Entries shown:
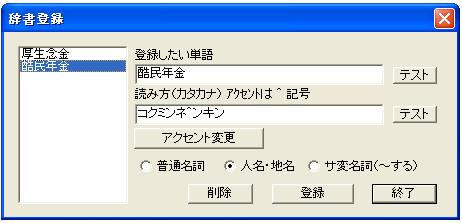 | アクセント変更ボタン | アクセント変更ボタンを押すと、順次アクセント変更が行われ発音されますので、最適なものを選択します。 |
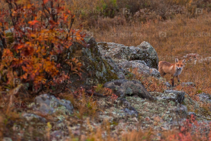 Рыжая лиса в тайге
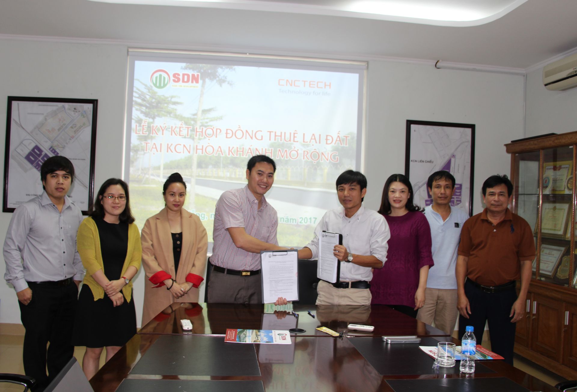 Ông Trần Ngọc Điệp – Tổng Giám đốc SDN và Ông Hà Mạnh Hùng tiến hành ký kết Hợp đồng thuê lại đất. Nguồn: SDN.
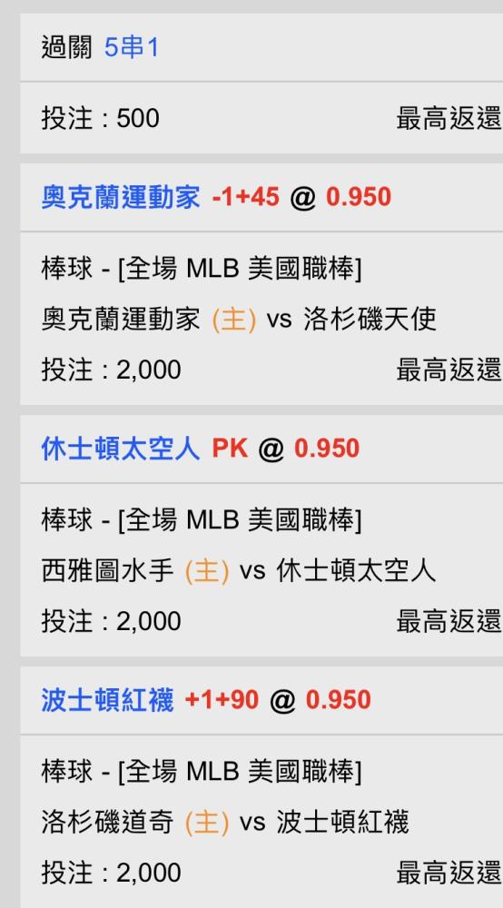 3.過五關:守護者、小熊、運動家、太空人、紅襪
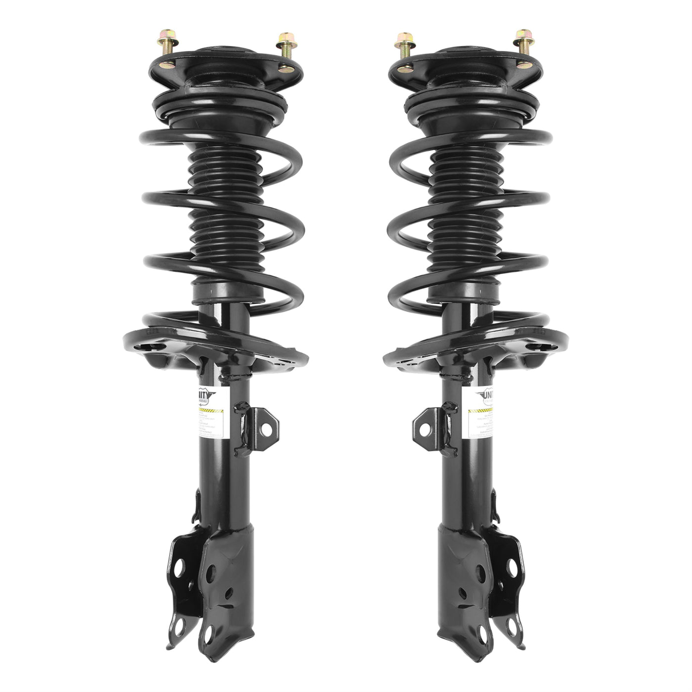 Q: What is included in the Unity Automotive Front 2 Wheel Complete Strut Assembly Kit?A: The Unity Automotive Front 2 Wheel Complete Strut Assembly Kit includes two complete strut assemblies, each preassembled with a top mount, bearing plate, bumper, insulators, and coil spring, ensuring a hassle-free installation.
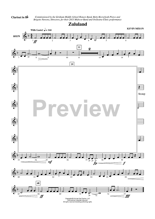Digital Sheet Music for Zululand - Clarinet in Bb by Kevin Mixon scored for Concert Band; id:450644
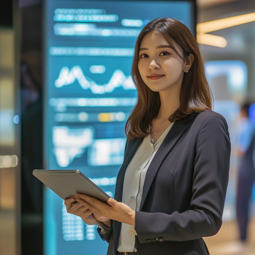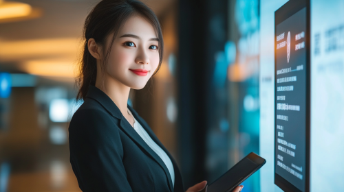 A Taiwanese female bank clerk stands next to the bank's digital screen in a modern office environment. She should be wearing professional business attire, holding a tablet computer, and introducing information about pure online banking loans. The background can display a large screen displaying the online banking interface, highlighting the digital features of pure online banking. The photo should clearly convey her professional and friendly attitude, as well as the modern and efficient nature of a pure online banking loan. --ar 16:9
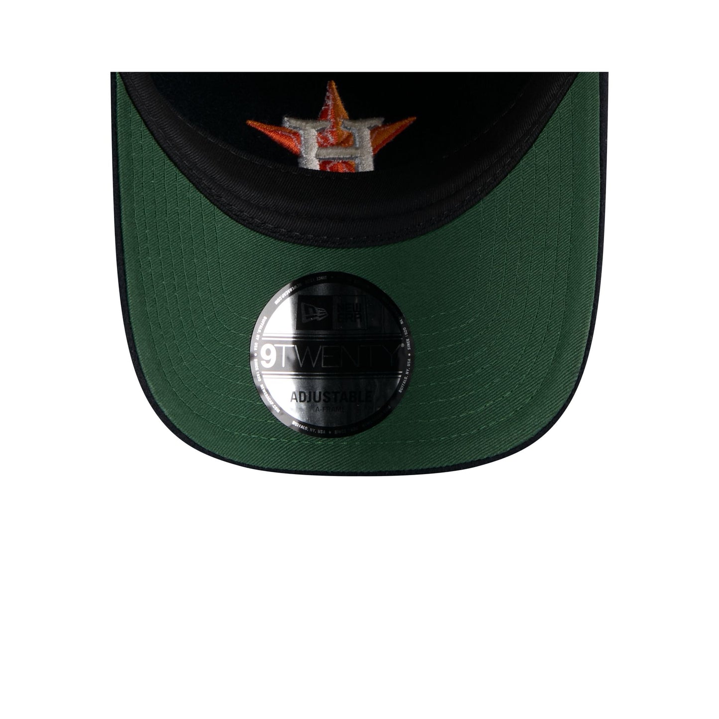 The Houston Astros Wool Letterman 9TWENTY A-Frame Adjustable Cap features an embroidered Astros logo at the front panels against a wool fabrication throughout the cap. Additional details include an embroidered team script at the visor with a striped adjustable D-Ring closure at the rear and a green undervisor.

Work required: Repeat, without pictures, exactly the lines of the data above from the one containing "3.過五關:守護者、小熊、運動家、太空人、紅襪" through the one containing "Q: What is included", including both and adding nothing.

Your solution:
 3.過五關:守護者、小熊、運動家、太空人、紅襪
 Q: What is included in the Unity Automotive Front 2 Wheel Complete Strut Assembly Kit?A: The Unity Automotive Front 2 Wheel Complete Strut Assembly Kit includes two complete strut assemblies, each preassembled with a top mount, bearing plate, bumper, insulators, and coil spring, ensuring a hassle-free installation.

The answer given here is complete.